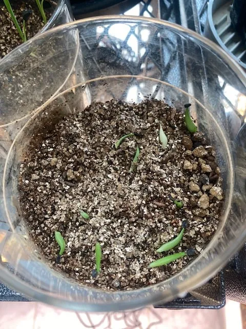 赤玉メインの用土に細目のバーミキュライトを敷き播種、25度〜30度で管理
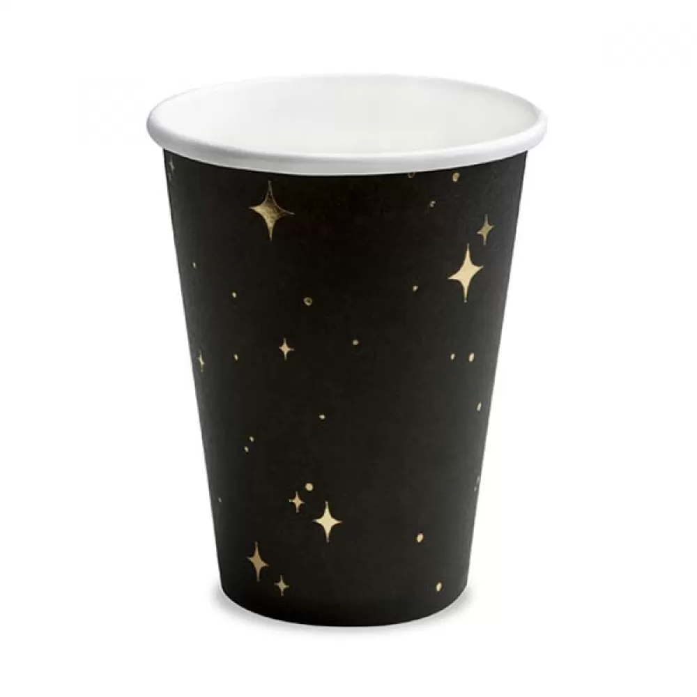 - В наборе 6 бумажных стаканов черного цвета с золотыми искрами.
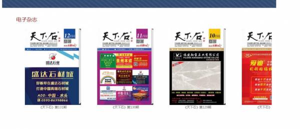 《天下石》雜志為南安*然文化傳播旗下平臺。創(chuàng)刊于2005年10月,為月刊,閩固印廣登號(2015)第01號,國際標(biāo)準(zhǔn)刊號:ISSN2224-3984。因?yàn)榱己玫姆?wù)、前瞻的設(shè)計(jì)理念、豐富的文化內(nèi)涵,尤其是良好的廣告效益而獲得社會(huì)各界的廣泛贊譽(yù),多年來《天下石》已在國內(nèi)石材行業(yè)形成自己的影響力,并擁有眾多忠實(shí)讀者和客戶群體。本刊還得到包括中國石材工業(yè)協(xié)會(huì)、上海石材行業(yè)協(xié)會(huì)、山東省石材行業(yè)協(xié)會(huì)、福建省石材行業(yè)協(xié)會(huì)、廣東省石材行業(yè)協(xié)會(huì)等專家學(xué)者、領(lǐng)導(dǎo)們的一致好評。
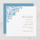 Chic and elegant regency french blue fleur de lis pattern wedding save the date design. Detailed fleur de lis corner pattern in french blue. Customise with your names and your wedding information in dark taupe lettering. Designed to match our Regency French Fleur de Lis Wedding Collection.
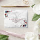 Modern, elegant and trendy, this wedding RSVP envelope design features an all over faux Carrera marble texture, with the return address in a burgundy red, and is decorated on the front with dusty blue, burgundy and blush pink floral elements. Part of a matching wedding set. Copyright Elegant Invites. All rights reserved.

__Activity__
Go through the material and set it down again exactly, but without any pictures.

__Written solution__
 赤玉メインの用土に細目のバーミキュライトを敷き播種、25度〜30度で管理
 - В наборе 6 бумажных стаканов черного цвета с золотыми искрами.
 《天下石》雜志為南安*然文化傳播旗下平臺。創(chuàng)刊于2005年10月,為月刊,閩固印廣登號(2015)第01號,國際標(biāo)準(zhǔn)刊號:ISSN2224-3984。因?yàn)榱己玫姆?wù)、前瞻的設(shè)計(jì)理念、豐富的文化內(nèi)涵,尤其是良好的廣告效益而獲得社會(huì)各界的廣泛贊譽(yù),多年來《天下石》已在國內(nèi)石材行業(yè)形成自己的影響力,并擁有眾多忠實(shí)讀者和客戶群體。本刊還得到包括中國石材工業(yè)協(xié)會(huì)、上海石材行業(yè)協(xié)會(huì)、山東省石材行業(yè)協(xié)會(huì)、福建省石材行業(yè)協(xié)會(huì)、廣東省石材行業(yè)協(xié)會(huì)等專家學(xué)者、領(lǐng)導(dǎo)們的一致好評。
 Chic and elegant regency french blue fleur de lis pattern wedding save the date design. Detailed fleur de lis corner pattern in french blue. Customise with your names and your wedding information in dark taupe lettering. Designed to match our Regency French Fleur de Lis Wedding Collection.
 Modern, elegant and trendy, this wedding RSVP envelope design features an all over faux Carrera marble texture, with the return address in a burgundy red, and is decorated on the front with dusty blue, burgundy and blush pink floral elements. Part of a matching wedding set. Copyright Elegant Invites. All rights reserved.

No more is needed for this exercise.